A project is a use case, not a business unit. Sibling projects in the same BU share the account, the network posture, the APIM gateway, and the BYO data tier. Different BUs get different accounts with hard network and identity boundaries.

RBAC – blast radius by design

Foundry RBAC splits into two tiers: account-level roles for portal visibility and API access, and project-level roles for data-plane access to BYO dependencies.

Account-level has two roles, both scoped to the Foundry account:

  • Reader – needed for portal visibility. Developers building agents need this on the account scope even if they have Foundry User on the project. Missing this is a common “I can’t see anything in the portal” issue.
  • Foundry User on the account scope – API-level access for calling models directly (not through APIM). The RBAC docs caution against using Cognitive Services roles for Foundry because they don’t apply to Foundry scenarios.
resource rbacFoundryAccountReader 'Microsoft.Authorization/roleAssignments@2022-04-01' = [
  for principalId in accountReaderPrincipalIds: {
    name: guid(foundryAccount.id, principalId, roleDefinitions('Reader').id)
    scope: foundryAccount
    properties: {
      roleDefinitionId: roleDefinitions('Reader').id
      principalId: principalId
      principalType: accountReaderPrincipalType
    }
  }
]
BICEP

Project-level – the project’s system-assigned managed identity gets scoped roles on each BYO dependency. The dependsOn block in the capability host shows the assignment:

resource projectCapabilityHost 'Microsoft.CognitiveServices/accounts/projects/capabilityHosts@2025-04-01-preview' = {
  parent: foundryProject
  name: '${projectName}-caphost'
  properties: {
    capabilityHostKind: 'Agents'
    vectorStoreConnections: [searchConnectionName]
    threadStorageConnections: [cosmosConnectionName]
    storageConnections: [storageConnectionName]
  }
  dependsOn: [
    storageConnection
    cosmosConnection
    searchConnection
    rbacStorageBlob          // Storage Blob Data Owner
    rbacStorageAccountContributor  // Storage Account Contributor
    rbacCosmosOperator       // Cosmos DB Operator
    rbacCosmosDataContributor // Cosmos DB Built-in Data Contributor
    rbacSearchIndexData      // Search Index Data Contributor
    rbacSearchServiceContrib // Search Service Contributor
  ]
}
BICEP

Each role is scoped to the individual resource: Storage, Cosmos, or Search.
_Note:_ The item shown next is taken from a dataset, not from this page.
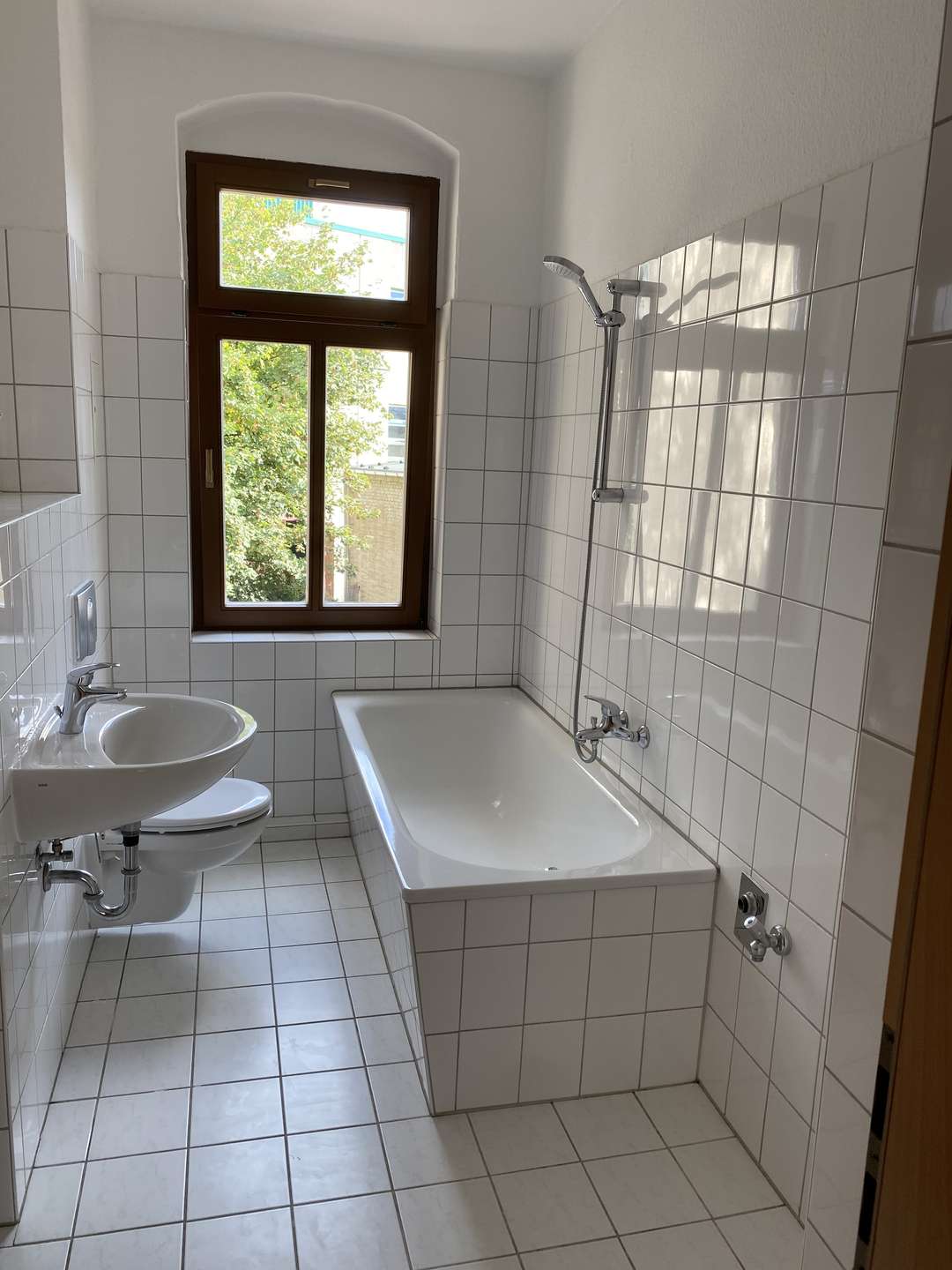 - Badausstattung: Badewanne, Fenster

Nothing cascades to sibling projects or other BUs.

User access needs two roles. Foundry User assigned by role GUID (53ca6127-db72-4b80-b1b0-d745d6d5456d) on the project scope for building agents, and Reader on the account scope for portal visibility. Assign by GUID, not display name, because Microsoft renamed these roles recently and broke a lot of people’s assignments where they relied on role name over GUID. Also, the docs recommend using GUIDs for this reason.
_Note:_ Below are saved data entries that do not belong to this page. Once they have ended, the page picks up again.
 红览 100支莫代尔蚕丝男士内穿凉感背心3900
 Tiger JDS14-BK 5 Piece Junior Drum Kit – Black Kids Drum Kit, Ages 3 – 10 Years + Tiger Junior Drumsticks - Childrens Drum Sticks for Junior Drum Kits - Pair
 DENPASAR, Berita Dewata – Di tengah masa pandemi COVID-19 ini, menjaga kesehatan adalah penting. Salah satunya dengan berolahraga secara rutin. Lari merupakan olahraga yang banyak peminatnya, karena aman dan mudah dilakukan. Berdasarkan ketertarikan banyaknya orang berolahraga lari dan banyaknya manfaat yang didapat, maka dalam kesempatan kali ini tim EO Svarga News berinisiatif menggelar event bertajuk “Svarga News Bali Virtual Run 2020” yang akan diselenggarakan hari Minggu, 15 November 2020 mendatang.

resource rbacHumanFoundryUser 'Microsoft.Authorization/roleAssignments@2022-04-01' = [
  for principalId in foundryUserPrincipalIds: {
    name: guid(foundryProject.id, principalId, foundryUserRoleId)
    scope: foundryProject
    properties: {
      roleDefinitionId: subscriptionResourceId('Microsoft.Authorization/roleDefinitions', foundryUserRoleId)
      principalId: principalId
      principalType: foundryUserPrincipalType
    }
  }
]
BICEP

The blast radius is controlled: a compromised project MI can only reach its own Storage containers, Cosmos database, and Search index. It can’t read the account, can’t reach sibling projects, and can’t escalate roles. That’s a benefit of one account per BU with project-scoped RBAC, least privilege by design.

Finishing up

I hope you found this useful. I wanted to write up the insights and learnings from deploying and configuring the new Microsoft Foundry experience with APIM in front of it, given how confusing the Foundry rollout has been.

I’m planning a follow-up post covering APIM as your AI gateway in front of Foundry in more detail – custom metrics, logging, token limits, rate limiting, and circuit breakers.